Pemkab Boalemo

16 Siswa Sekolah Rakyat Wonosari Cabut, Ada Apa?

×

16 Siswa Sekolah Rakyat Wonosari Cabut, Ada Apa?

Sebarkan artikel ini
Ilustrasi Siswa Sekolah Rakyat Wonosari.
Ilustrasi Siswa Sekolah Rakyat Wonosari.

BOALEMO, HARIANPOST.ID- Jumlah siswa Sekolah Rakyat Unggulan (SRU) di Kecamatan Wonosari, Boalemo, tercatat mengalami penurunan signifikan. Dari awal 70 orang, kini tersisa 54 siswa yang masih bertahan.

Hal itu diungkap Bupati Boalemo Drs. Rum Pagau saat memimpin rapat evaluasi penyelenggaraan Sekolah Rakyat di Aula Kantor Camat Wonosari, Kamis 21 Mei 2026.

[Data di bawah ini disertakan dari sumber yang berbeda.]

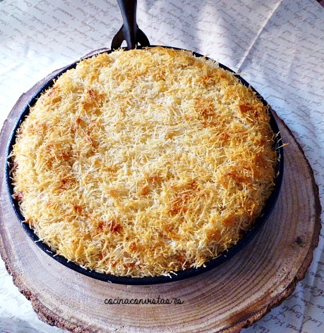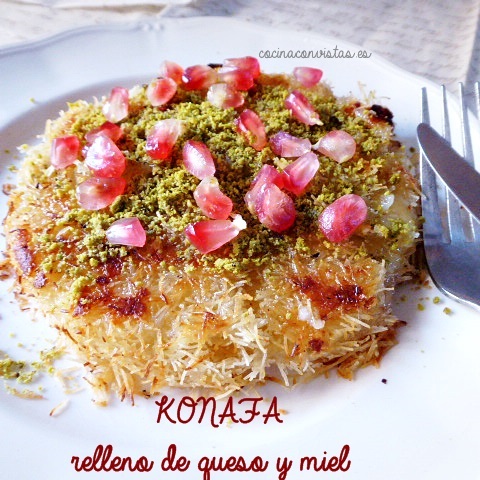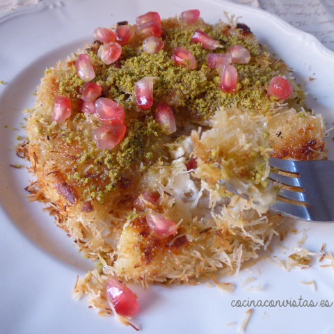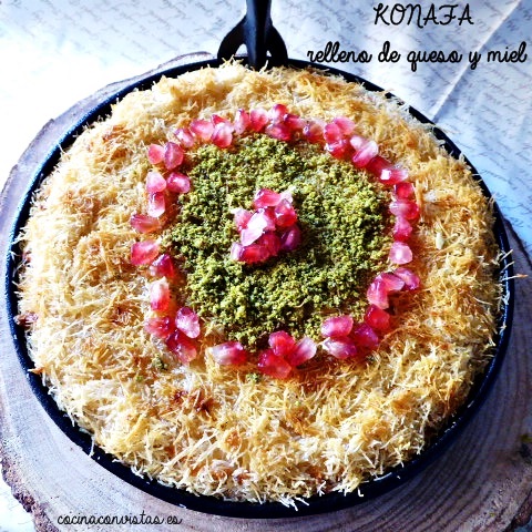 Podemos hacerlo al fuego, para ello colocamos la sartén sobre el fuego y transcurridos unos 5 minutos damos la vuelta (como si fuera una tortilla) a nuestra Konafa para que se dore por el otro lado. Una vez dorada, la regamos con el jarabe y la pasamos al plato para adornar y servir.

“Walaupun ada kendala menyangkut jumlah siswa yang sebelumnya kurang lebih 70 orang, turun 66 dan sekarang tinggal 54 orang yang bertahan, itu kita syukuri masih jalan dan kita harus benahi kembali,” tutur Rum Pagau.

Bupati Rum mengatakan bahwa, berkurangnya 16 siswa dari 70 ke 54 orang jadi bahan evaluasi Pemkab Boalemo. Fokus pembenahan ke depan, baik itu dari sistem rekrutmen, sosialisasi, dan pendampingan siswa.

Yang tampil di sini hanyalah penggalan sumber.